The cell descriptor engine has the next best performance. The performance of this engine is limited by the sparsity of the off-chip reads. Although the number of I/O operations the engine issues is low, memory requests are issued to non-contiguous memory regions. In addition, because the design uses 100% of the memory channels, further gains in performance by means of increasing the processing pipelines is not feasible. The video descriptor engine has the lowest performance. The performance of this engine is limited by the computational complexity of the matrix multiplication operation, see Table I . Further gains in performance are not feasible as resources have been nearly exhausted, see Table IV .
Overall, when working with images size 320×240, the maximum throughput in steady state is 3,036 fps when four FPGAs are used. In steady state engine one processes four videos. Moreover, not considering reconfiguration time, the maximum throughput achieved by one FPGA is 1,088 fps. This calculation accounts for the time it takes for an image to move across each engine.
C. GPU Throughput Results
In this section, we analyze the performance of the GPU design. The first testbed consists of an Ubuntu workstation equipped with an Intel I7-860 processor, 8GB of RAM, and a K 20 GPU. The second testbed consists of an Ubuntu workstation equipped with an Intel Xeon E5-520 processor, 24GB of RAM, and a K 40 GPU. Finally, the third testbed consists of a CentOS workstation equipped with an Intel Xeon E5-2680 processor, 32GB of RAM and a K 80 GPU. The code is compiled with the CUDA compiler release 7.5 and the Basic Linear Algebra Subroutines. In all the experiments, the error correction capabilities (ECC) are disabled. Table VI shows the throughput per engine for each GPU. The discussion that follows applies to the K 20 GPU. Similar analysis applies to the K 40 and K 80 GPUs as these devices share the same architecture.

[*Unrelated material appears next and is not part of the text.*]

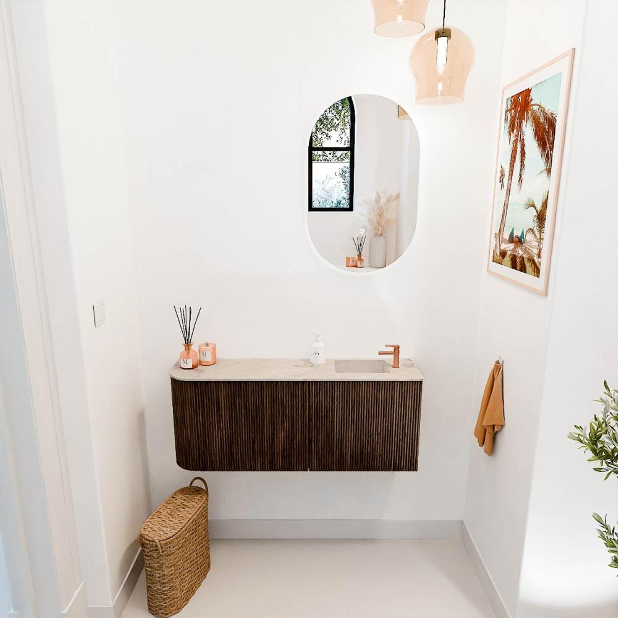 Met dit prachtige meubel geef je jouw badkamer direct een warme en natuurlijke uitstraling. Het combineert een tijdloos design met slimme functionaliteit, waardoor het niet alleen mooi oogt, maar ook perfect aansluit bij jouw dagelijkse routine. De subtiele ronding aan de linkerkant zorgt voor een speels en uniek accent, terwijl de warme walnootkleur het geheel een luxe en uitnodigende sfeer geeft. Dankzij de royale afmetingen van ruim 100 cm breed en de praktische indeling, biedt dit meubel voldoende opbergruimte om jouw badkamer netjes en overzichtelijk te houden. De bijpassende wastafel in een zachte frappe kleur met een handige kraangat rechts maakt het plaatje compleet. Zo geniet je elke dag van een stijlvolle en functionele badkamer waar je met plezier tijd doorbrengt.

From the table, we notice the K 20 is very fast at computing the block descriptors, engine three, and very slow at preprocessing the videos, engine one. Two elements provide insight on the performance of engine three. First, the performance of this engine is purely I/O bounded. Second, the K 20 off-chip memory bandwidth is high, i.e. 208 G B/s. The engine computing the cell descriptors, has the next best performance. Close inspections of the performance of this engine shows the kernel computing the sub-block(cell) descriptors taking 66(34) % of the running time. The performance of this engine is limited by the amount of work the engine must execute and by the uncoalesced nature of the reads during the computation of the sub-block descriptors. Thread divergences present during vector normalizations limit the performance as well.
The performance of engine four, namely the computation of the video descriptors, has the next best performance. Inspecting the performance of this engine reveals that about 60% of the time is spent executing the matrix multiplication. The remaining time is spent in nearly equal parts in the kernels responsible for computing Q N , ρ(R, Q) 2 and x. In this engine, elements limiting gains in performance include the complexity of the matrix multiplication (see Table III in Section VII), the use of block barriers, and the use of atomic primitives during the computation of the video descriptor vector x.
Notably, the preprocessing engine has the lowest performance. The preprocessing complexity analysis (see Table I in Section VII), explains in part this behavior. When compared with the FPGA complexity, the GPU executes M N(144 × 8) additional I/O operations. Moreover, while the number of the arithmetic operations per integral video in FPGAs is proportional to 7M N, this complexity is proportional to 9M N in GPUs. On closer inspection, the GPU running times show that engine one spends 55.0%, 28.9%, 12.2%, and 3.8% computing the row integrals, the columns integrals, the image gradients, and the integral videos respectively. Issues affecting the performance of the row integrals kernel include the presence of control flow divergences, the presence of synchronization primitives, and the effective amount of work that a thread executes per step.
Bialas and Strzelecki [49] shows that block thread divergences on Kepler GPUs cost as much as 116 clock cycles. Letrendre [50] shows that the extra cost of using block synchronization primitives in the presence of global memory reads ranges from few hundreds up to a thousand cycles. Likewise, the cost of global memory writes in the presence of synchronization primitives is comparable, although it tops at about 700 cycles. The extra cost of using block synchronization primitives in the presence of shared memory reads is near 350 clock cycles. Similarly, when synchronization primitives are used, the cost of shared memory writes is near 220 cycles. Furthermore, the row integral kernel executes 2(N − 1) additions in 2Log 2 (N) − 1 steps when N/2 threads are used. If N = 512, the number of additions per step is 61 ≈ 1022/17. In this case, the amount of work per thread per step is 0.24 ≈ 61/256. In other words, during row integration threads do not execute any useful work 76% of the time.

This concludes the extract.